Ali will always be somewhat selfish, but the way Maura calls her out about it at a shiva — at which none of them truly mourned the lost — at the end of Season 2 is one of the more venomous scenes on recent TV. Also, the complex relationship both Shelley and Maura have to the fact that Josh was molested, and how they kept the fact that he had a child a secret from him, now seems like it’ll be a permanent scar on their relationship.

The Fisher children, meanwhile, were never as close with their parents (one of whom dies at the beginning of Six Feet Under), which means they have less room to harm each other. Their dysfunction exists in what’s not said, in the absences between occasional outbursts of expressions of love.
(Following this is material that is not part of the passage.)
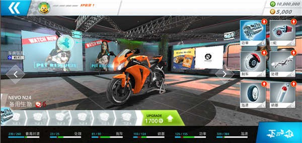 3、在这里能够更换摩托车的各类配件,像车轮、引擎、刹车之类的都可以进行更换。
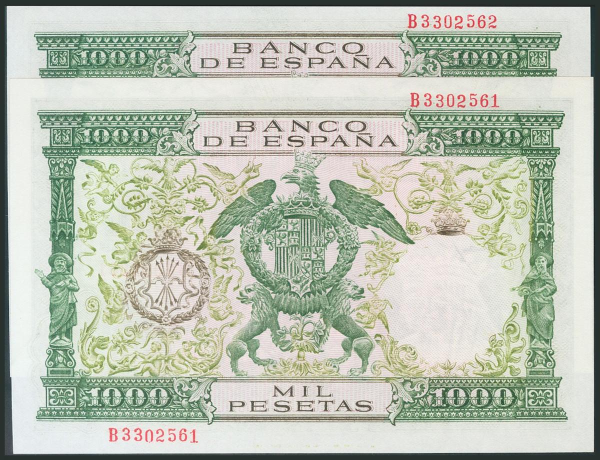 1000 Pesetas. November 29, 1957. Correlative pair. Series B. (Edifil 2017: 469b). Original sizing. UNC.

Dysfunctional Sibling Relations Winner: The Fishers

While the Pfeffermans certainly have their grudges, none of them quite matches the acrimony David feels towards Nate early in Six Feet Under. “Jesus. Put your dicks out and measure them. Let’s get this over with,” Claire exclaims in the first episode, in response to the immediate sense of competition established whenever the two are in the same room. David, who never left home and who is the heir to the family business, is envious of Nate, whose hippie sensibilities took him to Seattle to work in a food co-op and never floss. Nate similarly disdains his own unrooted life (literally: he bemoans having a series of root canals due to the whole not-having-the-self-respect-to-floss thing). But Nate’s return to family values just happens to further perturb David, because now all of a sudden, Nate can effortlessly fall back into the family business and favor without having paid his dues. Of course, the tension is compounded by David’s insecurity about his sexuality.

Traumatic Family Histories… Leading to Current Dysfunctionality Winner: the Pfeffermans

This one unequivocally goes to the Pfeffermans, though one wouldn’t have known it until this season. As Ali becomes interested in “genetic trauma,” the family’s past in pre-Holocaust Berlin weaves its way through the season, focusing on Gittel, Maura’s trans aunt, played by Hari Nef. As this plot line unravels, we see how Maura’s mother was pried away from her sister — whose fate as a trans Jew is pretty obvious — not long before she gave birth to Maura upon moving to America. This history and this loss, the season suggests, is an intrinsic link to the sense of longing, incompletion and uncertainty that courses through the Pfeffermans’ existence. (On Six Feet Under, Ruth describes — pretty much in passing — a difficult child in an apartment with an impoverished amputee mother… but I think we can give this one to the Pfeffermans.)

Aaaaand the winner (of this completely unquantifiable thing) is: The Fishers!